Then, suddenly, a low, menacing growl beside her startled her back to the present. She lifted her face and turned quick frightened eyes toward the neglected watch she had been keeping, and her heart stood still. There in the door, silhouetted dark against the bloodred light of the setting sun, stood Brand Carter, her mother’s enemy and hers!

Chapter 2

I
t was incredible that a girl could have grown to Fraley’s years in this wilderness, this mountain fastness of wickedness, so fine and sweet and unsoiled as this girl was. Nobody but God would ever know at what expense to herself the mother had been able to guard her all her years, especially the last few months since her father died.

Like the matchless beauty of the little white flower that grows in the darkness of a coal pit and, protected by some miraculous quality with which its petals are endowed that will not retain the soil, lifts its starry whiteness amid the smut, so the child had grown into loveliness, unstained.

And now the frail hand that had shut her from the gaze of unholy eyes more times than she would ever know, the strong soul that in a weak body had protected her from dangers unspeakable, was gone; cold, silent, still, it could no more protect her. The time that her mother had warned her against had come and caught her unawares! She had been merely weeping! She sprang to her feet in a terror she had never felt before. There had been times in the past when she had been deathly frightened but never like this. Her very heart stood still and would not beat. Her breath hurt her in her lungs; her eyes seemed bursting as she gazed; her mind would not function. He had come. It was too late! It was useless to flee!
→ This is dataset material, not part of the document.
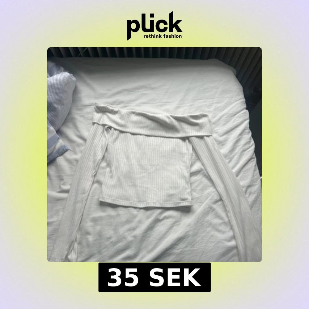 Säljer en vit ribbad offshoulder topp från H&M Divided i storlek XS. Toppen har långa ärmar och en bred kant upptill som sitter snyggt över axlarna. Perfekt att styla med jeans eller kjol för en trendig look.

Then, with sudden realization, she glanced toward the silent form on the cot beside her with an instinct to protect her who could no longer protect herself. But the majesty in that dead face brought the realization that the dead need no protection. She caught her breath in one quick gasp and tried to think.

But even that glance had been enough to break the spell that rested on the room. The man’s eyes went to the dead face, too, and with an oath, he made a move to come forward.

The old dog gave a low growl and sprang with fangs exposed, but a cruel boot caught him midway and sent him sprawling outside the door, where for a second, he lay stunned by the well-aimed blow.

“Ugh! Croaked at last!” said the man, coming close to the cot, peering down at the dead face, lifting a waxen eyelid roughly, and glaring into the dead eye. “Well, she took long enough about it.”

Then he turned to the trembling girl, who, with enraged eyes, watched him.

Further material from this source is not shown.